Once I was fixed up, I was still dizzy and nausous. I couldn’t really move without vomiting. I was around 8pm at this point. I posted on my Facebook for prayer. Addie was still in the oxygen tent. I heard x-ray being paged STAT to OB. Mostly I just laid there and prayed. Every time a nurse came in, I asked for more details. Her respirations were getting more regular. Her oxygen level was improving. Her chest x-ray was clear. It was looking alright now. I was going crazy since any movement still caused me to vomit. By around 9, the nurses had brought me a wheelchair so I could go to the nurery and be with Addie. I still was feeling queasy so I ate some lemon ice, hoping the sugar would help me. It did help. My epidural was taken out. I waited. Some where in here, they took my temp and it was 101.9. More meds. Infection talk. Ugh.
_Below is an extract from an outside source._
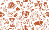 naczynia kuchenne tło, książka kucharska bezszwowy wzór, narzędzia kulinarne i materiały, ilustracja tła książki kucharskiej, karty, plakaty, banery, druki tekstylne, projektowanie stron internetowych

By 9:30, they had finally wheeled Addison back to me. She was pink and beautiful. She still wasn’t crying a lot but she was breathing. After a quick visit from one of our pastors and a good friend (their husbands – how on earth did they get there so fast?!), Addie nursed and fell asleep. My fever slowly came down and by Saturday morning it was 99.8. We stayed in the hospital until Sunday late morning to be sure Addie could hold a steady body temp and I took several rounds of antibiotics through my IV.
It was the longest two hours of my life. We realize now how much we take for granted. I never even considered that there could be complications with birth after such a normal pregnancy.
We’re all home and comfy now. Thank God.